Guest Post: What the Pursuit of Happiness Does and Doesn't Mean

Trying something new today - my friend Jeremy posted the below on Facebook, and has allowed me to post it here, since it sums up pretty closely something I wanted to post to mark Independence Day in the US. Enjoy:

American culture has a character problem. The evidence is abundant. Look at our child president. Look at the sad resentments that have made the "troll" into an established American archetype.
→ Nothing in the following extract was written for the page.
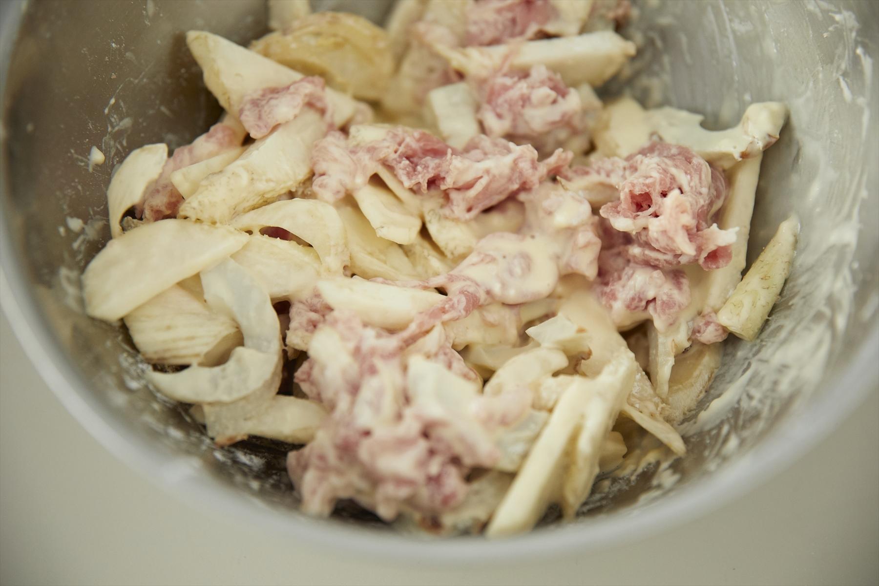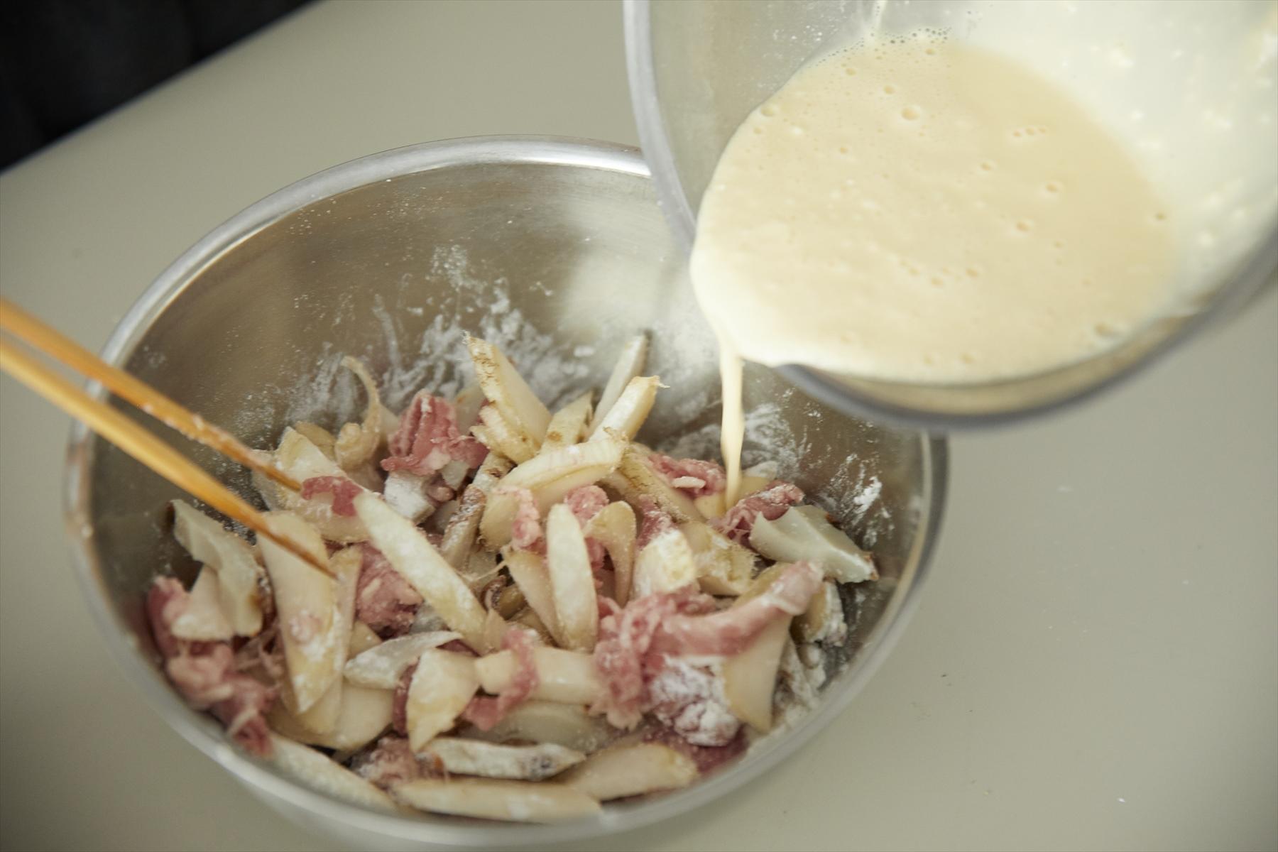 大きめのボウルに2をすべて入れ、薄力粉大さじ1~2をまぶす。別のボウルに溶き卵と冷水、薄力粉1/2カップを合わせて、2の具材同士がくっつくようになるまで混ぜ合わせる。
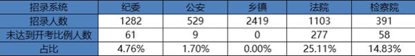 从未达到开考比例的职位类别来看,法院系统成为"重灾区",全省2019年共招录1103人,未达到开考比例的招录名额为277人,占招录总人数的25.11%,检察院系统58个招录名额未达到开考比例,占招录总人数的14.83%,纪委系统未达到开考比例的招录名额为61人,占招录总名额的4.76%。

Look at how large parts of the population moan about the imaginary restraints of "political correctness."
The funny thing is that America's lack of character is bound tightly to the otherwise enlightened idea that each human is inherently valuable.

"We hold these truths to be self-evident, that all men are created equal, that they are endowed by their Creator with certain unalienable Rights, that among these are Life, Liberty and the pursuit of Happiness."

It's great! Radical, even, given how we treat each other.

It's also obvious that we've never come close to putting these supposedly self-evident truths into practice. Some say America has always been a forward-looking concern, that that unequivocal line from the declaration is a beacon on a distant shore, one that we aim for when we take a break from beating civil rights marchers and injecting people with expired execution drugs. We fix on that beacon and ignore the cognitive dissonance the threatens to trouble us whenever a right-winger invokes Martin Luther King, Jr.

But I think that founding idea also works on us at a more basic, psychological level. It gives us a powerful cognitive tool we can use to assert ourselves, to proclaim our worth in the face of the forces of anti-humanism.

Unfortunately, this tool can also be put to dark uses. For some, the American self isn't just sovereign. It's imperial. It opposes civilization and cultivation. It favors the zero-sum contest and precludes honorable restraint and moral obligation.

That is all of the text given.